The appeal was dismissed.

Applicable Legislation

Arbitration Act, RSA 2000, c A-43.

Electric Utilities Act, SA 2003, c E-5.1.

International Commercial Arbitration Act, RSA 2000, c I-5.

Power Purchase Arrangements Determination Regulation, Alta Reg 175/2000.

Pertinent Issues

Permission to appeal was granted on one issue: whether the chambers judge erred in concluding the Appellants were not treated manifestly unfairly and unequally or prevented from presenting their case or responding to TransAlta Generation Partnership (“TransAlta”)’s case.

The Alberta Court of Appeal (“ABCA”) found that the appeal from the chambers judge’s decision to the ABCA is subject to the usual appellate standards of review. The ABCA found that the interpretation of s. 45(1)(f) of the Arbitration Act (the “Act”), which incorporates elements of natural justice and procedural fairness, is a question of law reviewable for correctness. The ABCA however also found that if there is a flaw in the arbitral process sufficient to contravene s. 45(1) of the Act, the decision of whether to set the arbitration award aside engages the chambers judge’s discretion and is entitled to deference on appeal.

The ABCA found that determining what constitutes manifest unfairness and unequal treatment or lack of opportunity to present a case under s. 45(1)(f) of the Act is a matter of statutory interpretation. It requires reading the section in its entire context and in its grammatical and ordinary sense, harmoniously with the statutory scheme, the object of the statute, and the legislature’s intention.

Regarding the specific phrase “treated manifestly unfairly and unequally” in s. 45(1)(f) of the Act, the ABCA agreed with the chambers judge that “manifestly” speaks to how apparent the unfairness is and whether it is obvious or clear.

On a review of s. 45(1)(f) as a whole, in the context of the entire Act and the purposes of the legislation, the ABCA made several observations: The Act imposes an obligation on arbitral panels to accord parties natural justice. While it is accepted as a foundational principle that the arbitration panel will treat parties fairly and give them an opportunity to present their case.

The ABCA reiterated that not every procedural breach during an arbitration will result in judicial intervention. Courts should intervene “only in cases of the most egregious procedural breaches”.

A party may be unable to present its case when: (a) the award is based on a theory of liability that either or both of the parties were not given an opportunity to address, or based on a theory of the case not argued for by either of the parties; (b) a party was not given an opportunity to respond to arguments made by an opposing party; or (c) the tribunal ignored or failed to take the evidence or submissions of the parties into account.

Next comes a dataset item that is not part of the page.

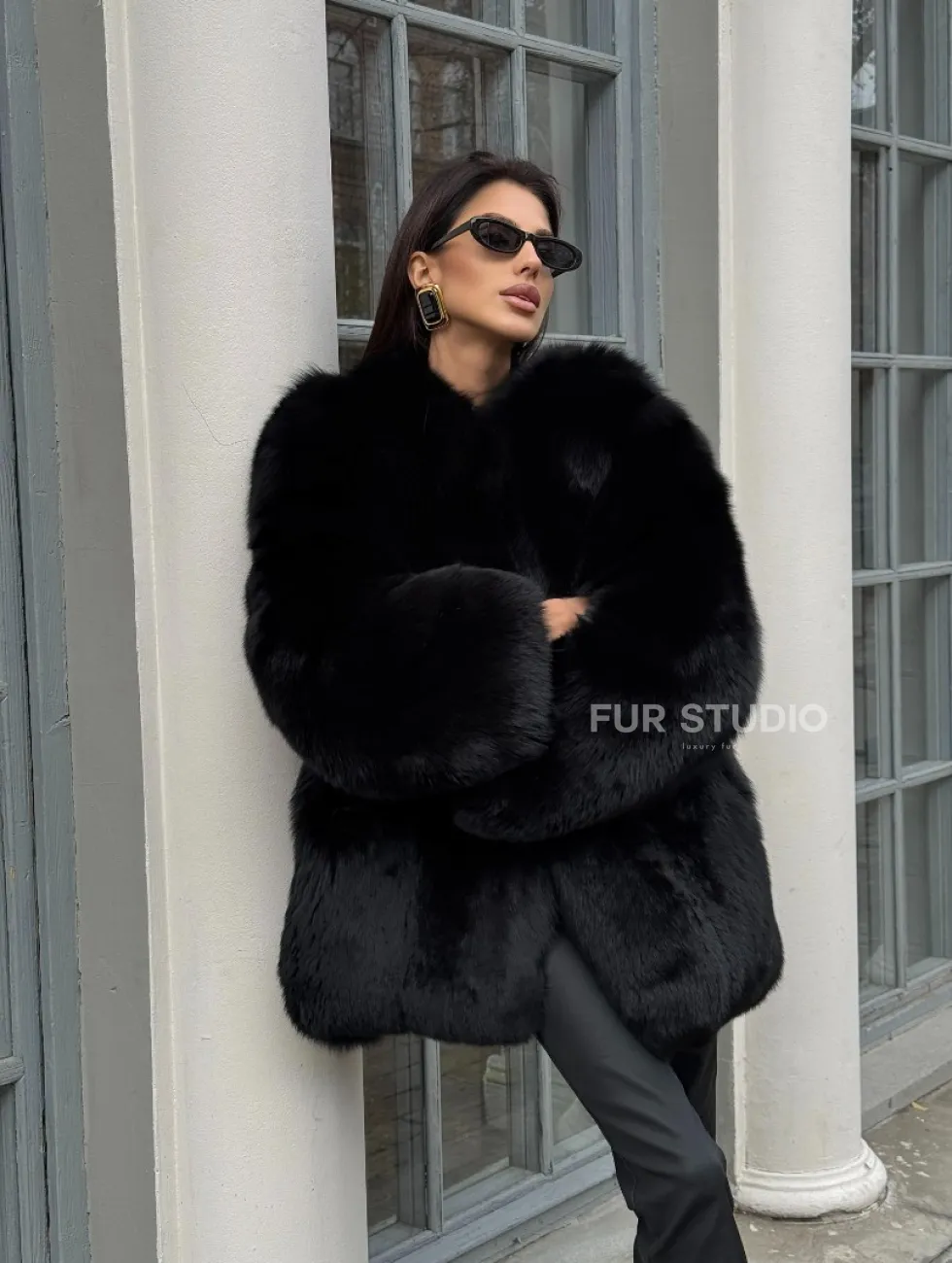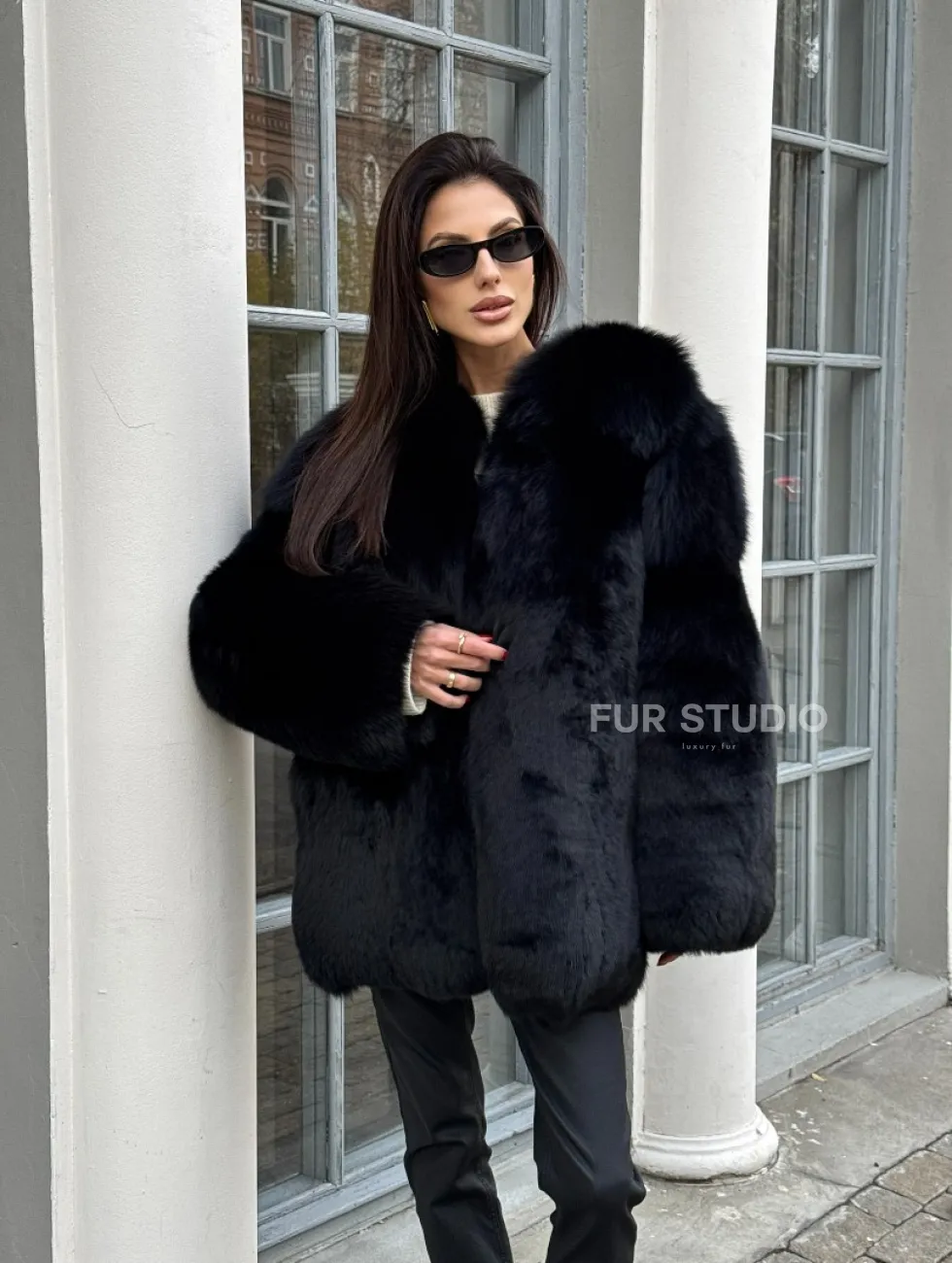Шуба - жакет из меха песца цельные платины TOTAL BLACK доступна для покупки в нашем шоуруме Furs Studio в Чите. У нас так же есть доставка во все города России. Добавьте немного роскоши в свой гардероб с этой шубой, которая будет служить вам многие годы.

The ABCA reviewed the relevant jurisprudence and extracted the following principles: first, parties to an arbitration are entitled to a fair hearing, not a perfect hearing; second, the overall fairness of the proceedings must be considered, not individual rulings; third, parties must take advantage of and exercise diligence in pursuing issues and cannot later complain of some perceived unfairness resulting from their failure to do so; fourth, not every refusal to admit relevant evidence is a breach of natural justice; and, fifth, the threshold for setting aside an arbitration award on the grounds of unfairness has been described in various ways, but the cases make it clear that something of a significant nature is required, or that the excluded evidence was crucial to the case being presented.

The ABCA found that the chambers judge did not commit a palpable and overriding error in concluding that the failure to order production of the requested records earlier in the process did not render the entire arbitral process manifestly unfair or deprive the Appellants of the opportunity to present their case or respond to that of TransAlta.